* _Brief_
Retype each line of the material exactly, please, skipping any picture in it.

Data excerpts below:

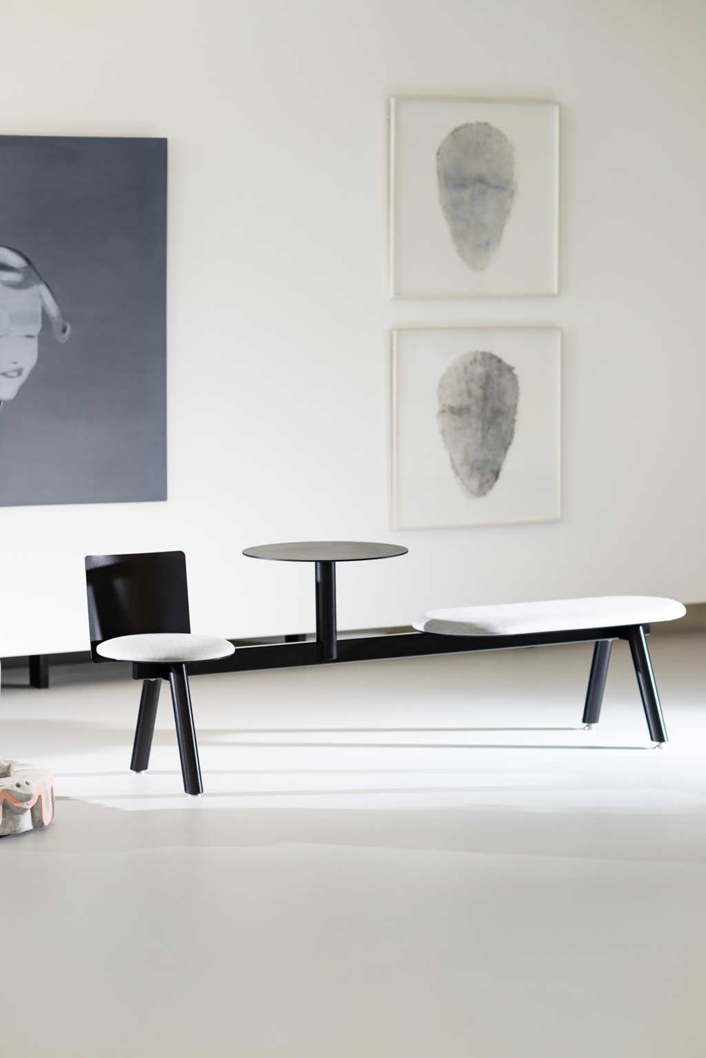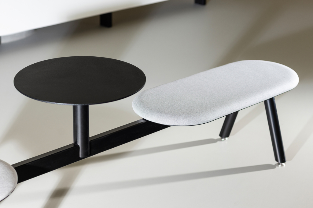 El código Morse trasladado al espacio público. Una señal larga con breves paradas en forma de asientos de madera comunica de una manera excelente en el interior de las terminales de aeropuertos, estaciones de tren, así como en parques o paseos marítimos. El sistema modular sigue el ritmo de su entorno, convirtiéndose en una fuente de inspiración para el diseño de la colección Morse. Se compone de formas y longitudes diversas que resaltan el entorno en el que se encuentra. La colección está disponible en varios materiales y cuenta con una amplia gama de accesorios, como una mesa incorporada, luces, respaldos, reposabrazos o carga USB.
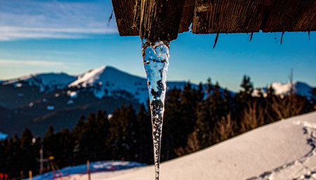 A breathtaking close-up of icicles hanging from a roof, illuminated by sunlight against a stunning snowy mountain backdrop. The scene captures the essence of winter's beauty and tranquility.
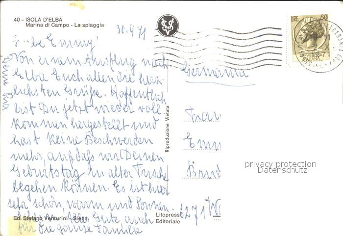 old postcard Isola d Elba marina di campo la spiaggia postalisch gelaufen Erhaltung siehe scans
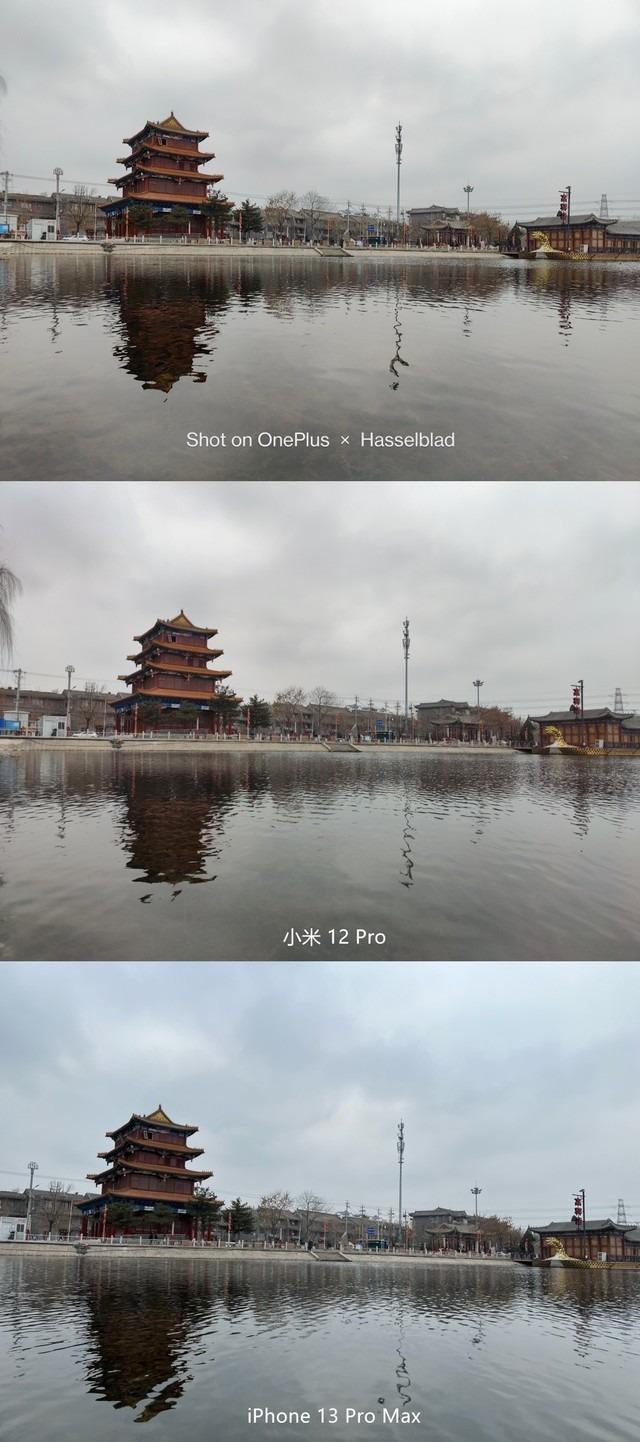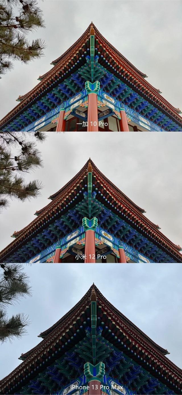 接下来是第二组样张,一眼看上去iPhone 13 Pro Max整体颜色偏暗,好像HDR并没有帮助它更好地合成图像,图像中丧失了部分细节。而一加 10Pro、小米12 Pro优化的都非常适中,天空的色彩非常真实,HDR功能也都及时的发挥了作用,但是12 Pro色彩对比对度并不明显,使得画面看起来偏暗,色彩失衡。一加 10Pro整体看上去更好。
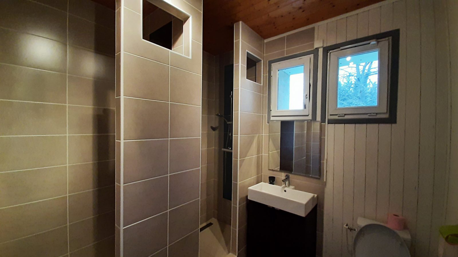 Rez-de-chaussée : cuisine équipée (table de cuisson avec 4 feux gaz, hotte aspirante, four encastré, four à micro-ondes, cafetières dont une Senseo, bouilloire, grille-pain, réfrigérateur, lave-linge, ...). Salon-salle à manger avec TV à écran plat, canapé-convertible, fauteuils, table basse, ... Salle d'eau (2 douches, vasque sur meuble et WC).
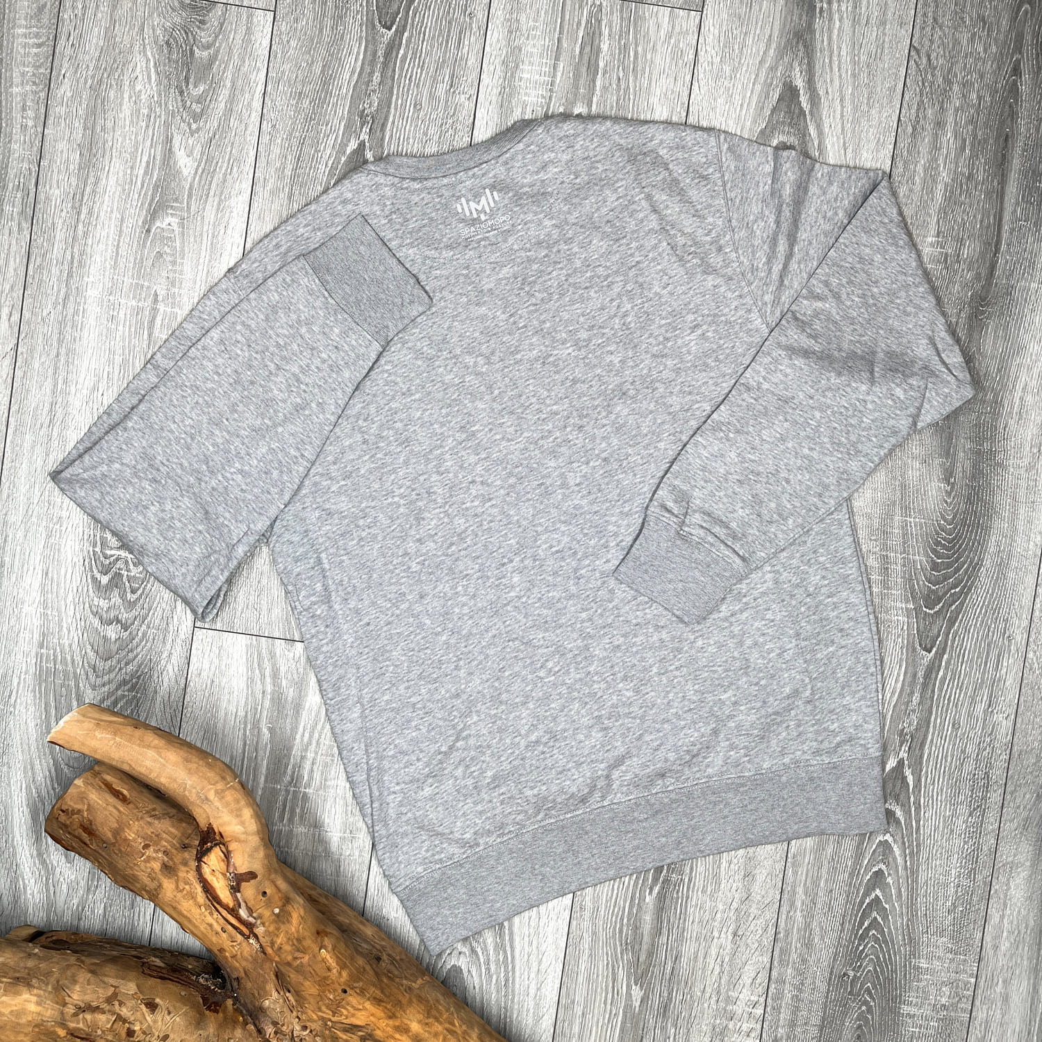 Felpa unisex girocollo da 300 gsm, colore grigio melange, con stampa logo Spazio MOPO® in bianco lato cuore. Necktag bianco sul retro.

End of Data excerpts.

* _Exercise output_
 El código Morse trasladado al espacio público. Una señal larga con breves paradas en forma de asientos de madera comunica de una manera excelente en el interior de las terminales de aeropuertos, estaciones de tren, así como en parques o paseos marítimos. El sistema modular sigue el ritmo de su entorno, convirtiéndose en una fuente de inspiración para el diseño de la colección Morse. Se compone de formas y longitudes diversas que resaltan el entorno en el que se encuentra. La colección está disponible en varios materiales y cuenta con una amplia gama de accesorios, como una mesa incorporada, luces, respaldos, reposabrazos o carga USB.
 A breathtaking close-up of icicles hanging from a roof, illuminated by sunlight against a stunning snowy mountain backdrop. The scene captures the essence of winter's beauty and tranquility.
 old postcard Isola d Elba marina di campo la spiaggia postalisch gelaufen Erhaltung siehe scans
 接下来是第二组样张,一眼看上去iPhone 13 Pro Max整体颜色偏暗,好像HDR并没有帮助它更好地合成图像,图像中丧失了部分细节。而一加 10Pro、小米12 Pro优化的都非常适中,天空的色彩非常真实,HDR功能也都及时的发挥了作用,但是12 Pro色彩对比对度并不明显,使得画面看起来偏暗,色彩失衡。一加 10Pro整体看上去更好。
 Rez-de-chaussée : cuisine équipée (table de cuisson avec 4 feux gaz, hotte aspirante, four encastré, four à micro-ondes, cafetières dont une Senseo, bouilloire, grille-pain, réfrigérateur, lave-linge, ...). Salon-salle à manger avec TV à écran plat, canapé-convertible, fauteuils, table basse, ... Salle d'eau (2 douches, vasque sur meuble et WC).
 Felpa unisex girocollo da 300 gsm, colore grigio melange, con stampa logo Spazio MOPO® in bianco lato cuore. Necktag bianco sul retro.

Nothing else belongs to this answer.